The average capacity for amphorae was 20-25 litres, although early versions were considerably larger. The general size became limited by the necessity for one or two persons to easily carry the vessel, and a standardisation, although attempted, was not achieved in practice until the Byzantine period. Foodstuffs transported in them included wine, olive oil, honey, milk, olives, dried fish, dry food such as cereals, or even just water. Non-food contents included pitch, and some were used in tombs as containers for the ashes of the deceased. Another special type was the Panathenaic amphora which was a large vessel of around 36 litres decorated with black-figure designs. They were filled with olives and given as prizes in the Panathenaic Games, held every four years in Athens. Finally, miniature amphorae known as amphoriskoi (sing. amphoriskos ) or pelikai ( pelike ) were used for storing perfume.
The Romans used amphorae in much the same way as the Greeks but with the addition of such Roman staples as fish sauce ( garum ) and preserved fruits. For this reason, amphorae were sealed using clay or resin stoppers, some also had a ceramic lid when used to store dry goods. Very few lids have survived in proportion to amphorae but those that do commonly have a single knob handle, sometimes made into the shape of a fruit. Finally, amphorae were used for completely unrelated purposes to their original design such as burial whole in marshy land to provide more solid foundations for buildings and walls or in roof domes as a means to provide additional support between courses.

Amphorae Packed for Transportation


Many amphorae (but certainly not all) used to transport goods were given a stamp before firing, typically placed on the neck, rim, or handles. This identified the place of origin (pottery workshop), indicated the vessel was part of a particular batch, named a controlling official, or guaranteed the content volume and quality. The name or monogram of the manufacturer might appear on the stamp, a month, or a regional adjective or symbol ( Rhodes, for example, used a rose emblem). In the case of wine, the age of good wine was indicated and the drink-by-date (year) for cheap wine. Stamps were also a means by which authorities could exercise a control on customs duties. Stoppers could be stamped for the same purpose. In addition to stamps, the Romans painted information labels on their vessels to make their contents easily identifiable.

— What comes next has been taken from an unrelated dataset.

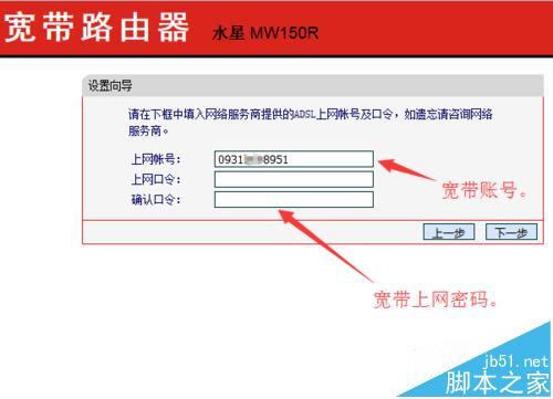 4、輸入上網(wǎng)賬號以及密碼。設(shè)置上網(wǎng)的時候,需要輸入寬帶賬號以及寬帶上網(wǎng)密碼,上網(wǎng)密碼可以通過電信運行商獲取。

All of this information has often been invaluable for archaeologists when attempting to date a site which contains amphorae, especially shipwrecks. Finally, the discovery of amphorae whose origin can be identified and their quantities are helpful in determining the extent of trade in the ancient world. The Monte Testaccio in Rome is an artificial mound of pottery shards coming from some 53 million discarded amphorae; impressive testimony to the fact that the amphora was one of the most common and useful objects in antiquity.